Towards Human-Centered Early Prediction Models for Academic Performance in Real-World Contexts

Han Zhang, Yiyi Ren, Paula S. Nurius, Jennifer Mankoff, Anind K. Dey

TL;DR

This paper tackles the problem of predicting academic performance early in real-world settings by integrating three approaches—Logistic Regression (LR), 1D-CNN, and MTL-1D-CNN—trained on passive behavioral data and self-reports collected within the first week of Spring terms. It emphasizes HCML principles (explainability, fairness, generalizability) and demonstrates that predictions can be made by Week 1 with a GPA threshold of $3.2$, while highlighting trade-offs among the principles. LR and 1D-CNN achieve high early accuracy and reveal interpretable predictors, though deep learning approaches struggle with fairness and generalizability; MTL-1D-CNN offers stronger cross-year robustness but shows fairness and explainability challenges. The findings underscore socio-technical challenges in deploying such systems and advocate for human-centered, privacy-preserving, and governance-aware integration into multi-stakeholder student support workflows to enable timely, equitable interventions.

Abstract

Supporting student success requires collaboration among multiple stakeholders. Researchers have explored machine learning models for academic performance prediction; yet key challenges remain in ensuring these models are interpretable, equitable, and actionable within real-world educational support systems.
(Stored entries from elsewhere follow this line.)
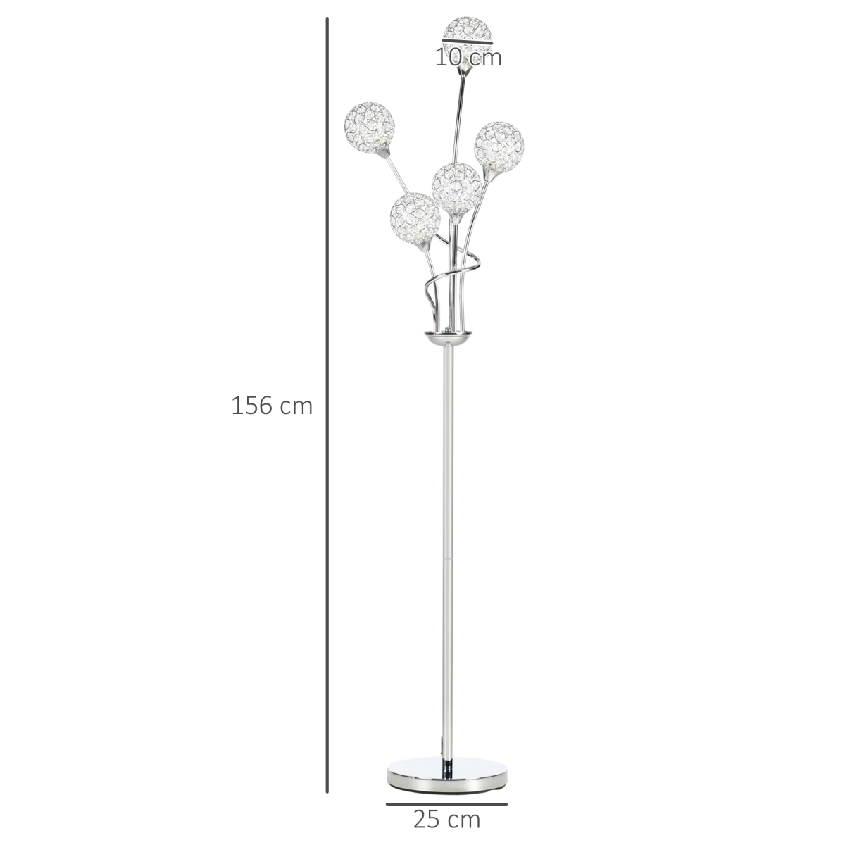 Five crystallite shades: A beautiful, sparkling upright floor lamp. Rounded shades, filled with beads which glisten when the lights are on.Metal frame: A strong and sturdy core for this tall lamp. Rounded base for balance.Foot switch: Easy to turn this standing lamp on and off - without even having to use hands. Long power cable to stretch across longer distances.Five bulbs required, not included: Living room lamp takes G9 bulbs, maximum 25W. Halogen and LED are suitable.Dimensions: 156H x 34W x 25Dcm. Easy to assemble.
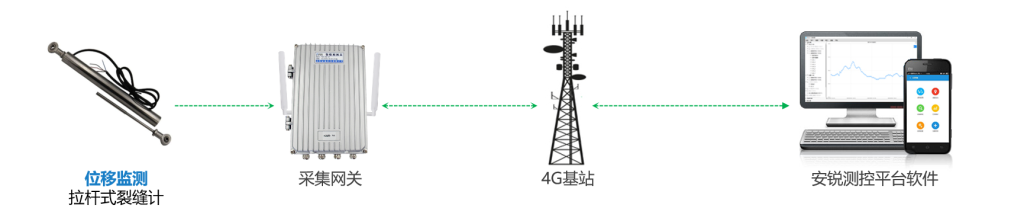 系统主要由拉杆式裂缝计、网关采集器和安锐云平台组成。
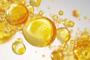 Golden and white cloud-like formations with reflective spherical elements floating against a light background
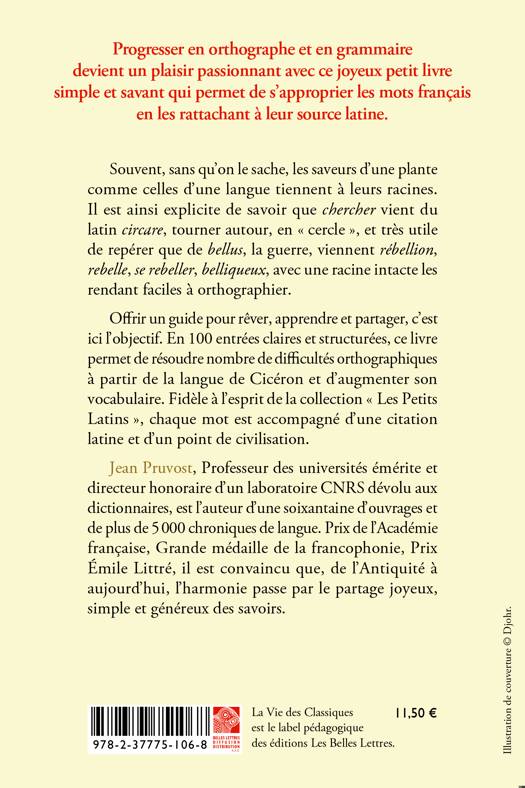 Offrir un guide pour rêver, apprendre et partager, c’est ici l’objectif. En 100 entrées claires et structurées, ce livre permet de résoudre nombre de difficultés orthographiques à partir de la langue de Cicéron et d’augmenter son vocabulaire. Fidèle à l’esprit de la collection « Les Petits Latins », chaque mot est accompagné d’une citation latine et d’un point de civilisation.
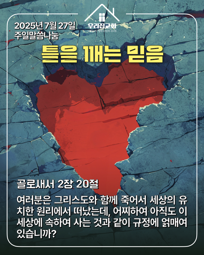 물론 자신을 지탱해주는 틀을 깬다는 것은 쉽지 않습니다. 그래서 때로 그것은 두렵습니다. 하지만 그럴수록 우리는 내가 알고 있는 지식이나 전통이 아니라 하나님을 의지할 수 있어야 합니다. 그리스도라는 머리에 붙어 있는 자는 내가 자라고 싶은 대로 자라지 않습니다. 하나님께서 자라게 하시는 대로 자라납니다.(19절) 우리를 붙들고 계시는 하나님을 의지하십시오. 그러면 틀을 깨뜨리는 믿음이 주님을 닮아가는 상상력과 기쁨으로 변화될 것입니다.
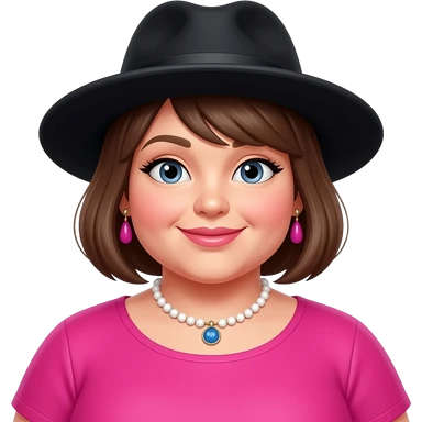 a beautiful lady chubby wear vibrant pink color clothes and wear black collor hat emoji
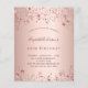 Um convite moderno, na moda e glamouroso para uma festa de aniversário 10 (ou qualquer idade). Um fundo metálico rosa dourado falso com uma elegante estrela rosa dourada girando. O nome é escrito com um moderno e escuro, rosa dourado, escrito com letra de estilo manuscrito. Modelos para os detalhes da sua festa.
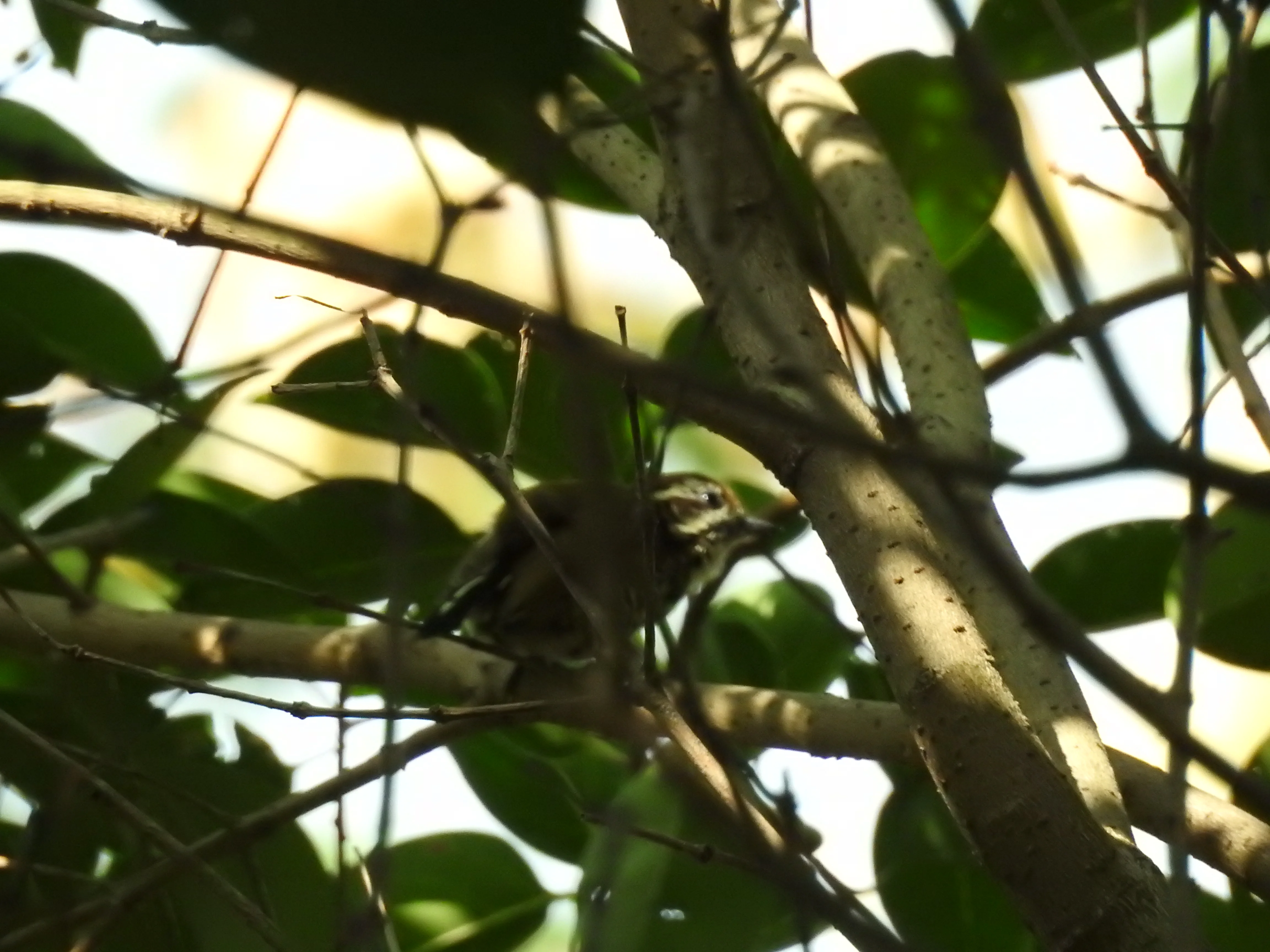 道路的尽头是一片樟树林。我正在驻足观察乌鸫们,突然就听到头顶一片“zuizui”声呼啸而过,是绣眼鸟浪!其他小鸟也跟着一起过来了,有柳莺、白头鹎、大山雀等等。在那之中我还看到了一个褐色的麻雀大小的身影,一开始在想也许是画眉,直到看到腹部的斑点——是斑姬啄木鸟!
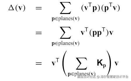 其中 就表示在 v 点的误差值(Error),也就是 QEM 的 E。而所谓的 QEM 这个度量值其实就是指这里使用矩阵表示的误差值,同时我们发现 中 v 是已知的,因为我们本来就有点的位置信息, 【回答 3】所以所谓的 QEM 具体来说应该是指 这一部分,用一个符号来表示就是 Q。上面公式也就简化成 。
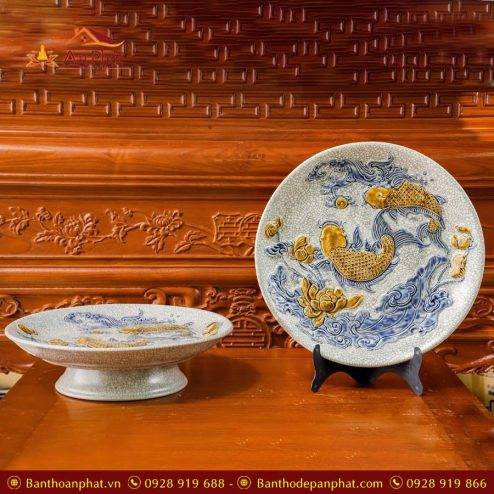 Mâm Bồng Men Rạn Đắp Nổi Cá Chép GS1118

First, many models prioritize predictive accuracy but overlook human-centered machine learning principles, limiting trust among students and reducing their usefulness for educators and institutional decision-makers. Second, most models require at least a month of data before making reliable predictions, delaying opportunities for early intervention. Third, current models primarily rely on sporadically collected, classroom-derived data, missing broader behavioral patterns that could provide more continuous and actionable insights. To address these gaps, we present three modeling approaches-LR, 1D-CNN, and MTL-1D-CNN-to classify students as low or high academic performers. We evaluate them based on explainability, fairness, and generalizability to assess their alignment with key social values. Using behavioral and self-reported data collected within the first week of two Spring terms, we demonstrate that these models can identify at-risk students as early as week one. However, trade-offs across human-centered machine learning principles highlight the complexity of designing predictive models that effectively support multi-stakeholder decision-making and intervention strategies. We discuss these trade-offs and their implications for different stakeholders, outlining how predictive models can be integrated into student support systems. Finally, we examine broader socio-technical challenges in deploying these models and propose future directions for advancing human-centered, collaborative academic prediction systems.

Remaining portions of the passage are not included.